In California, the legalities of insuring drivers who transport fares using ridesharing systems has been put under the spotlight, after a tragic New Year’s Eve accident in San Francisco, when an Uber driver struck and killed a 6-year-old girl. Because the driver was not carrying any passengers at the time, Uber has claimed that it is not liable. However, Uber is being sued for wrongful death and negligence, stating that the driver was logged onto Uber’s network at the time of the incident, and is therefore liable.

Ridesharing services have been shifting liability to drivers, frequently not informing drivers about their legal responsibility and potential lack of adequate insurance coverage.
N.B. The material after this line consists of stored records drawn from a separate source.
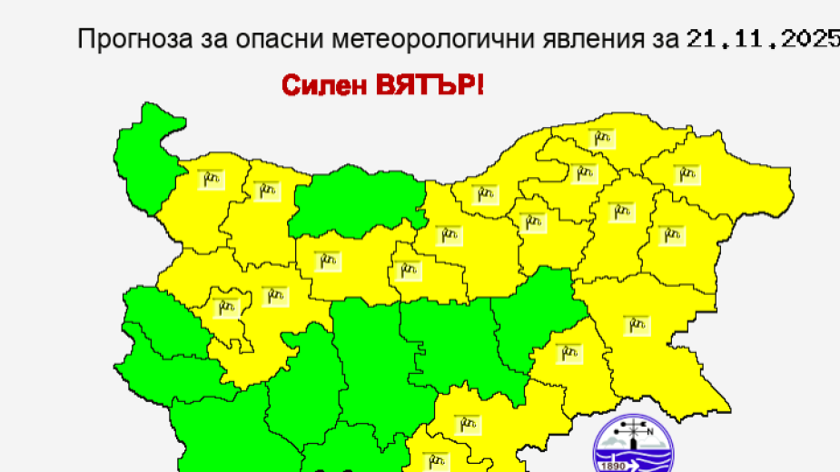 В петък, 21 ноември ще преобладава облачно, на много места в западната част от Дунавската равнина и Горнотракийската низина и мъгливо време, сочи прогнозата на НИМХ. На места в Западна България и Рило-Родопската област ще има валежи от дъжд, по-значителни в югозападните райони. Над централните и източните райони ще има по-съществени разкъсвания и временни намаления на облачността. В Източна България и на север от планините ще духа умерен и силен, поривист югозападен вятър, докато в равнините и котловините ще се задържи почти тихо.
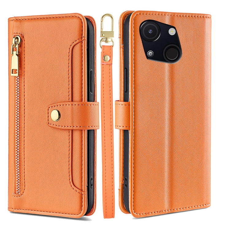 Funda de Cuero con Cremallera y Textura de Oveja para Teléfono Itel A50C 4G (Naranja)
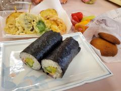 佐賀海苔を使った巻きずし、佐賀の玉ねぎやれんこん等の天ぷら、

Because many standard personal auto insurance policies clearly reject coverage for commercial transportation services, this leaves the driver without insurance coverage in effect, with total responsibility. To be covered, drivers must purchase much more-costly commercial insurance; drivers are left with the burden of assuming most of the risk in case of accidents.

The California insurance industry is now warning drivers in these ride-sharing programs to pay close attention to the coverage that they have and to ask questions to make sure that they know when they are and are not protected by the company’s policy.

Insurance for Transportation Network Company Drivers
If you’re considering becoming a driver for a transportation service, save yourself some future grief, and check to see if your insurance policy will cover you when you’re on the clock accepting fares. If not, buy a commercial auto insurance policy.

Drivers who live in states that offer no-fault insurance could be in more trouble. No-fault auto insurance only covers private individuals; it may not cover a person driving for a commercial service. What does this leave the driver? Even though he or she lives in a no-fault state, they could be at fault, and on the hook for injuries and damages caused in an accident.